■ RECORDED DATA
========

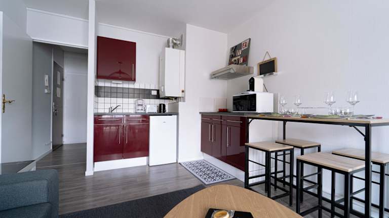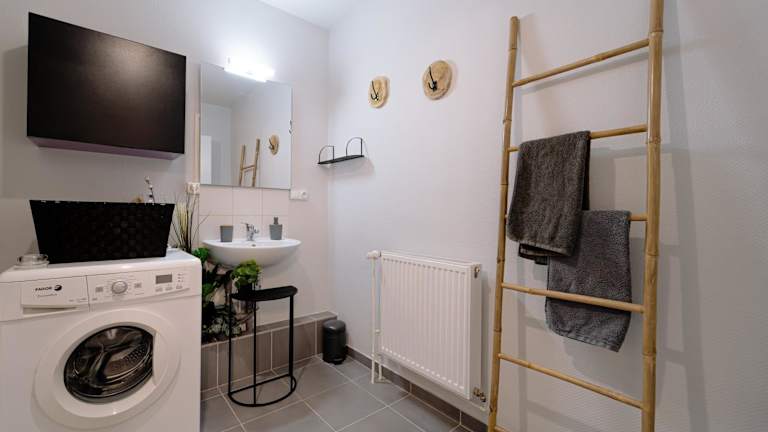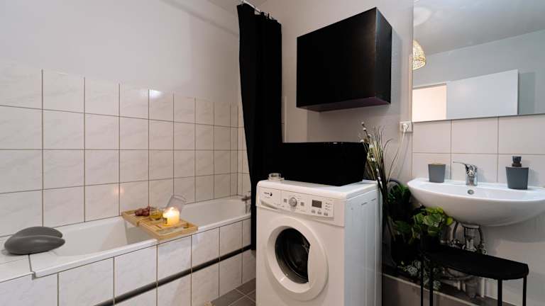 Die Ferienwohnung besteht aus einem Schlafzimmer, einem Wohnzimmer, einer voll ausgestatteten Küche mit Kühlschrank und Kaffeemaschine sowie einem Badezimmer mit Badewanne und kostenlosen Pflegeprodukten. Handtücher und Bettwäsche werden bereitgestellt. Ausstattung umfasst schallisolierte Zimmer und WLAN in allen Bereichen.
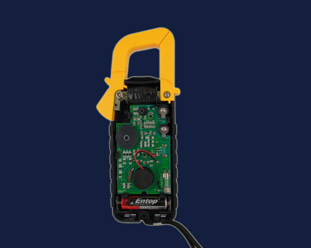 The analog clamp meter senses the current by conductor and through internal conversion the meter head indicates the reading.
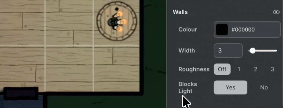 各ダンジョンのレイヤーでは、壁から光を遮断するように設定できます。 この設定を切り替えるには、「レイヤー」メニューで該当するレイヤーを選択し、「レイヤー設定」パネルにある「光を遮る」オプションを探してください。

========

■ WHAT YOU ARE ASKED TO DO
Only the pictures are dropped when you print the material; everything else is copied exactly.

■ PROBLEM SOLUTION
 Die Ferienwohnung besteht aus einem Schlafzimmer, einem Wohnzimmer, einer voll ausgestatteten Küche mit Kühlschrank und Kaffeemaschine sowie einem Badezimmer mit Badewanne und kostenlosen Pflegeprodukten. Handtücher und Bettwäsche werden bereitgestellt. Ausstattung umfasst schallisolierte Zimmer und WLAN in allen Bereichen.
 The analog clamp meter senses the current by conductor and through internal conversion the meter head indicates the reading.
 各ダンジョンのレイヤーでは、壁から光を遮断するように設定できます。 この設定を切り替えるには、「レイヤー」メニューで該当するレイヤーを選択し、「レイヤー設定」パネルにある「光を遮る」オプションを探してください。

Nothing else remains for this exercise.